AVAILABLE DATA START

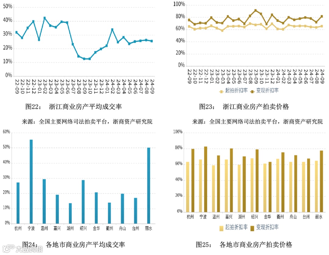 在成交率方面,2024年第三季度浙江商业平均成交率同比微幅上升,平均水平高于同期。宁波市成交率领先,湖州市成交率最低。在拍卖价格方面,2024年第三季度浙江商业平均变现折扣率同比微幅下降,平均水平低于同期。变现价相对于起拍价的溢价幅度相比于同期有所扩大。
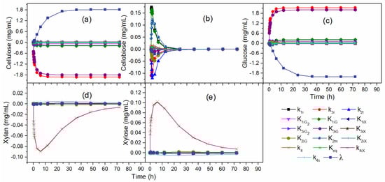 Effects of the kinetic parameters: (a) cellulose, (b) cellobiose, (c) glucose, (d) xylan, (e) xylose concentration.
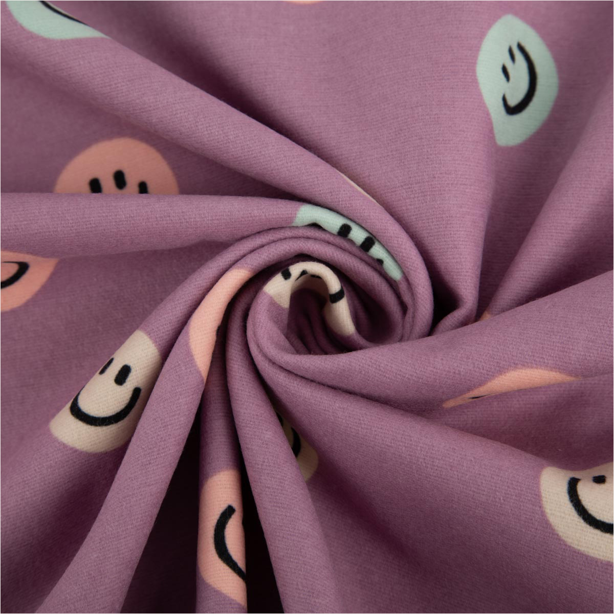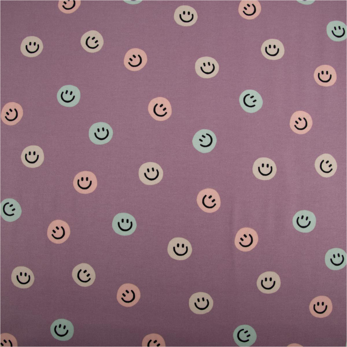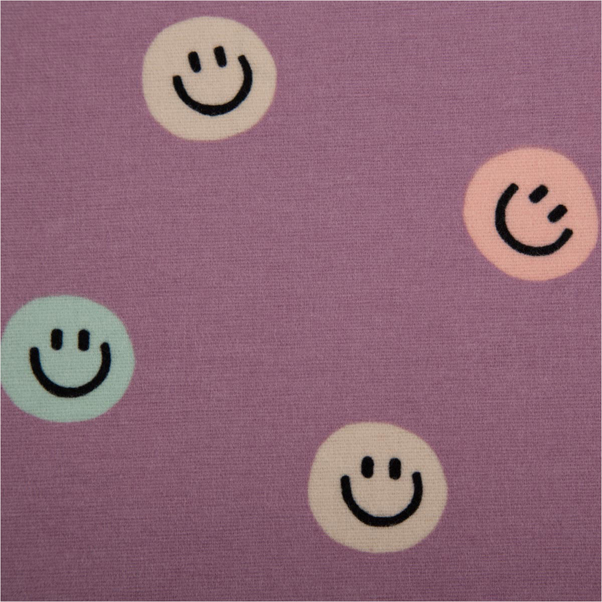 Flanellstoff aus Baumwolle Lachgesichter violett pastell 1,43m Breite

AVAILABLE DATA END

• **EXERCISE GOAL**
Output each line exactly as shown above; no pictures go in the copy.

• **RESULT**
 在成交率方面,2024年第三季度浙江商业平均成交率同比微幅上升,平均水平高于同期。宁波市成交率领先,湖州市成交率最低。在拍卖价格方面,2024年第三季度浙江商业平均变现折扣率同比微幅下降,平均水平低于同期。变现价相对于起拍价的溢价幅度相比于同期有所扩大。
 Effects of the kinetic parameters: (a) cellulose, (b) cellobiose, (c) glucose, (d) xylan, (e) xylose concentration.
 Flanellstoff aus Baumwolle Lachgesichter violett pastell 1,43m Breite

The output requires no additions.